▶ [WHAT YOU WILL DO]:
The records below hold a stretch from the line with "I will ALWAYS" through the line with "賀 「中華民國第41屆版印年畫徵選活動」得獎校友"; return exactly those lines, ends included, and nothing more.

(Saved data entries)
::::::::

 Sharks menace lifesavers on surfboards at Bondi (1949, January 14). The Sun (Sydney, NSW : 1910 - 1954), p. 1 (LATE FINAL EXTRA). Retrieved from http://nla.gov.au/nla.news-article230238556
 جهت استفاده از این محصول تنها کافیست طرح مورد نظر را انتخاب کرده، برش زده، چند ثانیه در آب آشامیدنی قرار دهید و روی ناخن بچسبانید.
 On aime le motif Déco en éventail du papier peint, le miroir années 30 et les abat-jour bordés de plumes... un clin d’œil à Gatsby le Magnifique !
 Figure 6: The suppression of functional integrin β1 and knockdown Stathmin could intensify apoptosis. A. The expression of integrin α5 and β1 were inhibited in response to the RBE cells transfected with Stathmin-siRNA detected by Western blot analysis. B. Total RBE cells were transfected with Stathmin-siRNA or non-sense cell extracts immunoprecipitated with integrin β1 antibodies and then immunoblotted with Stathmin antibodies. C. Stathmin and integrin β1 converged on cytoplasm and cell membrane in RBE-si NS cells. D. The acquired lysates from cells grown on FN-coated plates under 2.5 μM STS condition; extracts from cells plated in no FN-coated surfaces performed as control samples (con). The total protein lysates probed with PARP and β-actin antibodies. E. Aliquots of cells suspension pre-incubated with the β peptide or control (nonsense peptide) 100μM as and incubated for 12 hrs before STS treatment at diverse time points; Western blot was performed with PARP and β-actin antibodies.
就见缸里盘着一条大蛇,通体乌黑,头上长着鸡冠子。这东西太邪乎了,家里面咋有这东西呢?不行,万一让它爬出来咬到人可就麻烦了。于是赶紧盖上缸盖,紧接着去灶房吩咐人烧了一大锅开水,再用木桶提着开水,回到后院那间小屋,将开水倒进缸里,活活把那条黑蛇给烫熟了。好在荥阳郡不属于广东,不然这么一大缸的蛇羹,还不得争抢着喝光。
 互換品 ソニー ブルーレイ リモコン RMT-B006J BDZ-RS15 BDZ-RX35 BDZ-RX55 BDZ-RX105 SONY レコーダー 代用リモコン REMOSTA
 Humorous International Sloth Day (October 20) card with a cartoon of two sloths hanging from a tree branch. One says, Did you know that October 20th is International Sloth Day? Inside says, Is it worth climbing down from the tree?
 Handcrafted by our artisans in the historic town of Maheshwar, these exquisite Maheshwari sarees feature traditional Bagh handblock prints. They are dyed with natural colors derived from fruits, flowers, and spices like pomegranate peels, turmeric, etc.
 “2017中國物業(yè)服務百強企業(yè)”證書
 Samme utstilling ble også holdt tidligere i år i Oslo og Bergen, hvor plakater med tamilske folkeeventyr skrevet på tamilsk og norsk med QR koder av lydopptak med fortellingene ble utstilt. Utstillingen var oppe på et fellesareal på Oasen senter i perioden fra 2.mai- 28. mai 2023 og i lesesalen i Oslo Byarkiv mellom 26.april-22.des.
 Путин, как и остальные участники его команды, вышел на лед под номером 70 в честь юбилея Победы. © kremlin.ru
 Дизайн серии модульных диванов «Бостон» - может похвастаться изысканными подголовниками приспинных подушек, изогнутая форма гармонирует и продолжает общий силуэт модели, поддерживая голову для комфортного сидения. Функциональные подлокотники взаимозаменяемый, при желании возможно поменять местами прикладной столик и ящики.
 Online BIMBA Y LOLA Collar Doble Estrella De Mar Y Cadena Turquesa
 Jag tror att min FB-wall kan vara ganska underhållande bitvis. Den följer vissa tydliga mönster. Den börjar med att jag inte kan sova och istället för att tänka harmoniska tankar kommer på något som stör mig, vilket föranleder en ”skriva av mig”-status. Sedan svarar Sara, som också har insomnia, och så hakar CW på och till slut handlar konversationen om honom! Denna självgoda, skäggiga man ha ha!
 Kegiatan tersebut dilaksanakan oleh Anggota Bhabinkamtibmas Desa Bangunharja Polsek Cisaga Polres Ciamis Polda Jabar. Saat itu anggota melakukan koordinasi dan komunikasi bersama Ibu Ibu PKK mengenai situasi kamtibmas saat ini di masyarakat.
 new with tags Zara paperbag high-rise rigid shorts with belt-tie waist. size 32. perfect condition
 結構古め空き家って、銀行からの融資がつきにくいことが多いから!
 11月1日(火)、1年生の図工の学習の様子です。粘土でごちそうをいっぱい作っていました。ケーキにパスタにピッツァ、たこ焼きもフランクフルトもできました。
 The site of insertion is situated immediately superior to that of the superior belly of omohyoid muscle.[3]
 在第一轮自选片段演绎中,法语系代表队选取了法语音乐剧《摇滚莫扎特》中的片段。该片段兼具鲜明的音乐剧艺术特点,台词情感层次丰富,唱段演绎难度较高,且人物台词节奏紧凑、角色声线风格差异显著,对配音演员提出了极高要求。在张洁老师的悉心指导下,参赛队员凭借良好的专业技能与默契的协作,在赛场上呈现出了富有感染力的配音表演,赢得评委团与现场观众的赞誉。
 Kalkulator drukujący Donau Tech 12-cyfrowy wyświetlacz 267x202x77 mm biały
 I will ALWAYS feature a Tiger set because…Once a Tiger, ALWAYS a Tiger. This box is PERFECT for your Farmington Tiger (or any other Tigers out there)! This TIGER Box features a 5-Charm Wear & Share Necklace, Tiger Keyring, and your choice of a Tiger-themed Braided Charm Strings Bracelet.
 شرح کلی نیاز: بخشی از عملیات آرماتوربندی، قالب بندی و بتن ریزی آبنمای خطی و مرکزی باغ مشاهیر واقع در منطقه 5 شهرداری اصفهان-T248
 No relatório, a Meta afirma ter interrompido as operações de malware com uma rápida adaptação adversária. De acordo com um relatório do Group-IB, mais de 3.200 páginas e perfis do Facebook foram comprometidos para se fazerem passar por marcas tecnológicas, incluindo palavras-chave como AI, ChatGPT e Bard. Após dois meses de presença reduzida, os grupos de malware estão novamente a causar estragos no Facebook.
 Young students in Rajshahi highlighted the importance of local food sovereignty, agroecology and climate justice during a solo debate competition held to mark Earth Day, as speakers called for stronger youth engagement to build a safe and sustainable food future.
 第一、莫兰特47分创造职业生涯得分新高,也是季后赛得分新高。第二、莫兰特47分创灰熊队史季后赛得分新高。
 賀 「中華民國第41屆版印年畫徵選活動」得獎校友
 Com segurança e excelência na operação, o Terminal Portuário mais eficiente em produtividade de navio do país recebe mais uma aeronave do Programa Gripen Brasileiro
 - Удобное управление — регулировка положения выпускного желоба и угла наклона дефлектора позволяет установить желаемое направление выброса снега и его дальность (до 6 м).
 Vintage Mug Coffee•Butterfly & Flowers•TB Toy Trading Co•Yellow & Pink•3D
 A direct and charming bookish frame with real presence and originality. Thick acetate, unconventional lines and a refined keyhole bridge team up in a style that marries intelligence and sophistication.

::::::::

▶ [PROBLEM SOLUTION]:
 I will ALWAYS feature a Tiger set because…Once a Tiger, ALWAYS a Tiger. This box is PERFECT for your Farmington Tiger (or any other Tigers out there)! This TIGER Box features a 5-Charm Wear & Share Necklace, Tiger Keyring, and your choice of a Tiger-themed Braided Charm Strings Bracelet.
 شرح کلی نیاز: بخشی از عملیات آرماتوربندی، قالب بندی و بتن ریزی آبنمای خطی و مرکزی باغ مشاهیر واقع در منطقه 5 شهرداری اصفهان-T248
 No relatório, a Meta afirma ter interrompido as operações de malware com uma rápida adaptação adversária. De acordo com um relatório do Group-IB, mais de 3.200 páginas e perfis do Facebook foram comprometidos para se fazerem passar por marcas tecnológicas, incluindo palavras-chave como AI, ChatGPT e Bard. Após dois meses de presença reduzida, os grupos de malware estão novamente a causar estragos no Facebook.
 Young students in Rajshahi highlighted the importance of local food sovereignty, agroecology and climate justice during a solo debate competition held to mark Earth Day, as speakers called for stronger youth engagement to build a safe and sustainable food future.
 第一、莫兰特47分创造职业生涯得分新高,也是季后赛得分新高。第二、莫兰特47分创灰熊队史季后赛得分新高。
 賀 「中華民國第41屆版印年畫徵選活動」得獎校友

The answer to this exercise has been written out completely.